Tanto a síncope quanto o contratempo produzem um efeito de deslocamento das acentuações naturais. São muito utilizadas na nossa música. O segredo do samba, este ritmo tão brasileiro, está nas síncopes, tanto que dizemos que o samba é um ritmo sincopado. A Bossa Nova também faz uso de síncopes e contratempos; é o que lhe dá aquele balanço de uma... nova bossa!

Andamento
Ouça os batimentos do seu coração. Uma célula rítmica se repete de forma constante e regular. Entretanto se você correr durante 10 minutos, o seu coração vai, como costumamos dizer, acelerar. A célula rítmica é a mesma, seus batimentos não mudaram. O que mudou foi a velocidade.

Em música acontece a mesma coisa. Chamamos isso de Andamento. Andamento é o que vai determinar a velocidade do pulso, dos tempos. Algumas vezes, dois intérpretes gravam a mesma música e um canta um pouco mais lento e o outro, um pouco mais rápido.

Assim, o ritmo e o andamento são os componentes básicos da marcação.

No princípio do século XVIII os compositores eruditos italianos resolveram dar nomes aos principais andamentos:
  • Largo, Larghetto, Adágio - Andamentos mais lentos (também podemos encontrar Grave e Lento)
  • Andante, Andantino, Moderato, Alegretto - Andamentos médios
  • Allegro, Vivace, Vivo, Presto e Prestíssimo - Andamentos mais rápidos
Para determinar com total precisão a duração exata dos tempos, existe um aparelho - o metrônomo - inventado por Loulié em 1710. O metrônomo regula e marca os andamentos musicais. Funciona através de um sistema mecânico e por movimentos oscilantes de um pêndulo fixo com um peso, que pode ser deslocado (abaixado ou levantado, acelerando ou retardando o andamento). Quanto mais próximo da base o peso estiver, mais rápido serão os movimentos do pêndulo e, portanto corresponderá a andamentos mais rápidos. Quanto mais longe da base, mais lentos serão os andamentos. Cada batida corresponde à duração de um tempo.

Veja quantas batidas ou tempos os andamentos mais comuns têm por minuto no metrônomo.

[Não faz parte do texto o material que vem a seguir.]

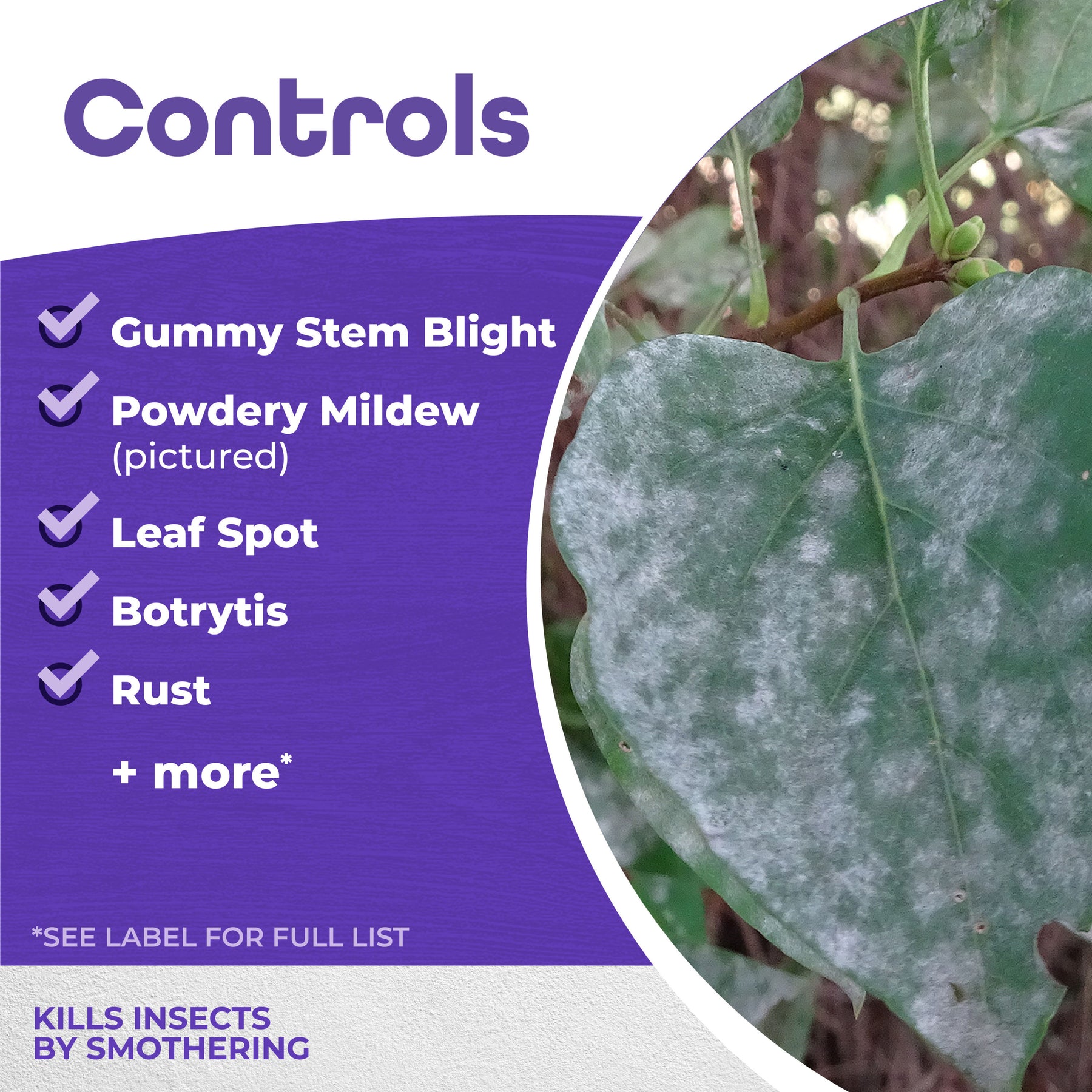 A year-round horticultural and dormant spray oil concentrate for organic gardening. Formulated with refined paraffinic oil, it controls listed insects and diseases on fruit trees, ornamentals, roses, shrubs, vegetables, and more by smothering pests and their overwintering eggs.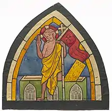 Judging from both written sources and archaeological discoveries, it was common to decorate churches lying within the current borders of Sweden with stained glass during the entire Middle Ages.[1] In general, churches were equipped with stained glass windows when they were built.[5] It is known from at least one occasion that a stained glass window was donated to a church by a clergyman,[1] but contemporary written evidence of window production or acquisition is generally scarce.[3] In cases where no actual windows remain, knowledge about their existence has been deduced from other sources. Some are known through earlier depictions, like the drawings made by Johan Peringskiöld of the stained windows of the church in Gamla Uppsala. He and other 17th-century antiquarians were primarily interested in heraldic and other historical traces that could be linked to the Swedish nobility, which is why they occasionally made drawings of stained glass windows showing coats of arms, but not necessarily other stained glass windows.[6] Later, during the 19th century and the early 20th century, cultural historian Pehr Arvid Säve and artist and teacher Gustava Meukow made more comprehensive copies of the church windows, some since lost and dispersed, on Gotland.[7]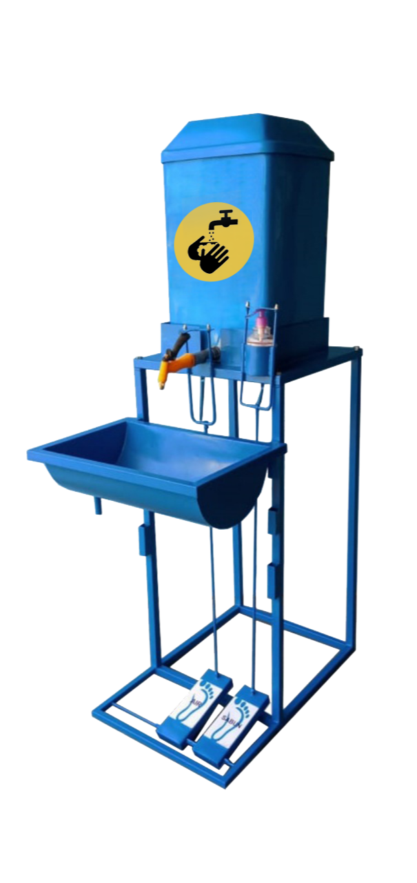 Produk sanitizer dengan sistem Knock Down injakan kaki yg dapat di operasikan tanpa menyentuh apapun ( sabun dan kran) dilengkapi dengan pengaturan ketinggian pada bak penampungan dan dilengkapi kapasitas air sebesar 60 liter.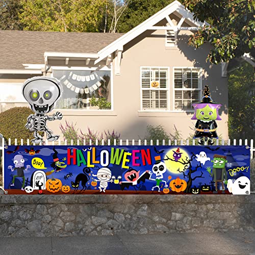 - Unique Design:Ghosts, pumpkins, zombies, cemeteries, mummies and the symbols of Halloween, black cats, bats, and witches, all gather together on this night, perfectly blending on a huge banner, hanging it on the fence, passing children Everyone will come to you for "Trick or Treat", the holiday atmosphere is self-evident.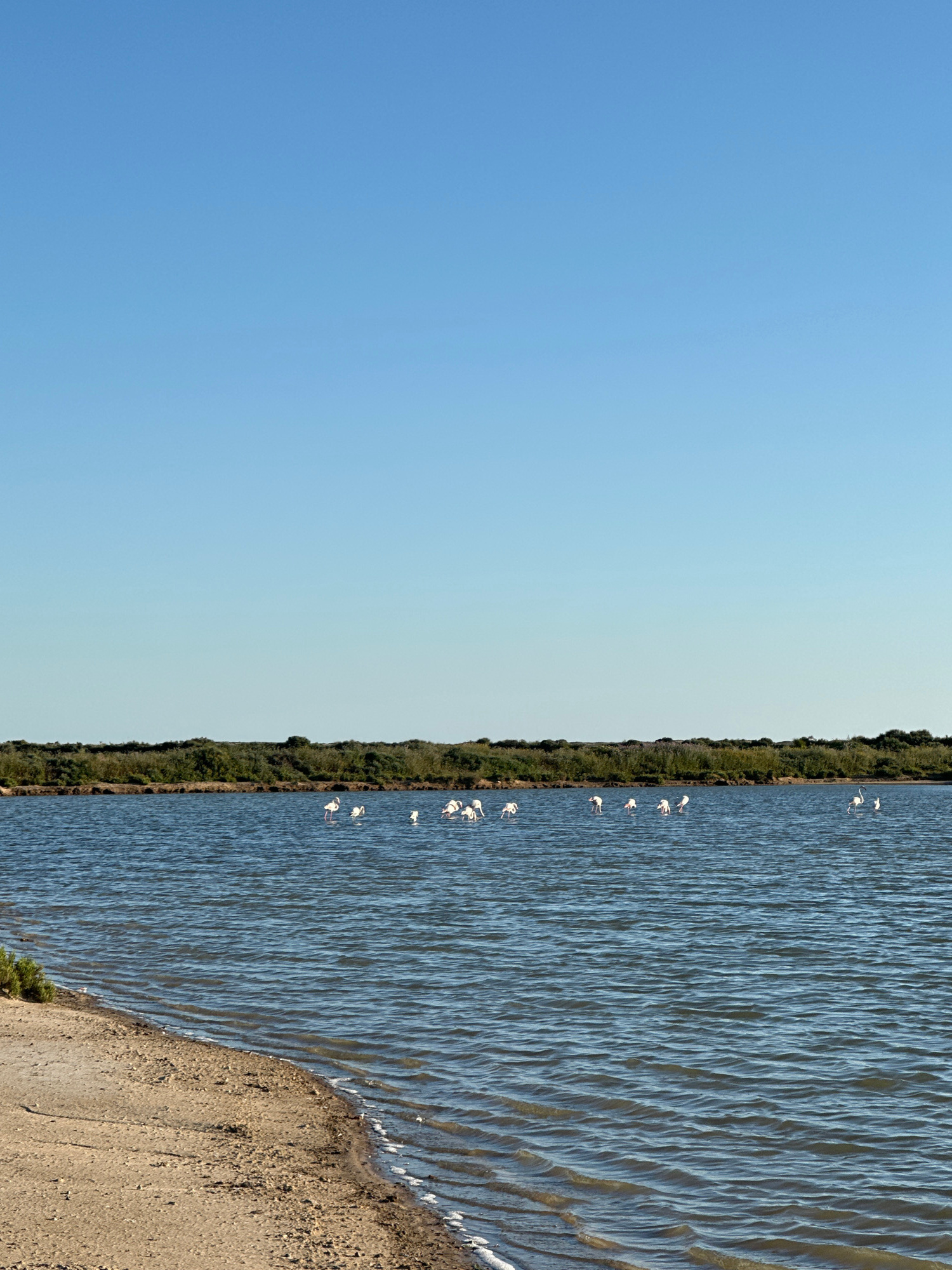 The image shows a view of a lagoon or coastal area near Olhão, Portugal. The sky is a gradient of blue, with lighter tones near the horizon. A body of water, presumably part of the Ria Formosa lagoon…read more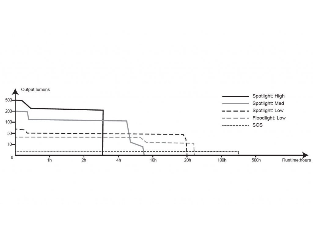 - Li-pol akumulátor 1300 mAh: 30 lumenů (30 hodin) -> SOS blikání 4 lumeny (300 hodin).

Andamento número de batidas por minuto
Largo40 a 60
Larghetto60 a 66
Adágio66 a 76
Andante76 a 108
Moderato108 a 120
Allegro120 a 168
Presto168 a 208

Alterando o andamento
Às vezes, no decorrer de uma música, o andamento pode ser alterado em algum trecho para dar mais expressão. Estes trechos são sinalizados. Vejamos os mais comuns e que são os que Tom Jobim utiliza em suas partituras.

Acelerando (accel . --) - indica que devemos apressar o andamento.
Ritardando (ritard.--), Ralentando (rall.--) - indica que devemos diminuir o andamento.
Rubato - indica que o trecho pode ser executado com uma certa liberdade no valor das figuras, entretanto isto não deve alterar a divisão dos compassos, ou seja, a acentuação dos tempos fortes (primeiro tempo).
Fermata - colocada acima ou abaixo de uma nota, indica que esta deve se prolongar mais tempo que o seu valor estabelecido, variando de acordo com a vontade do intérprete.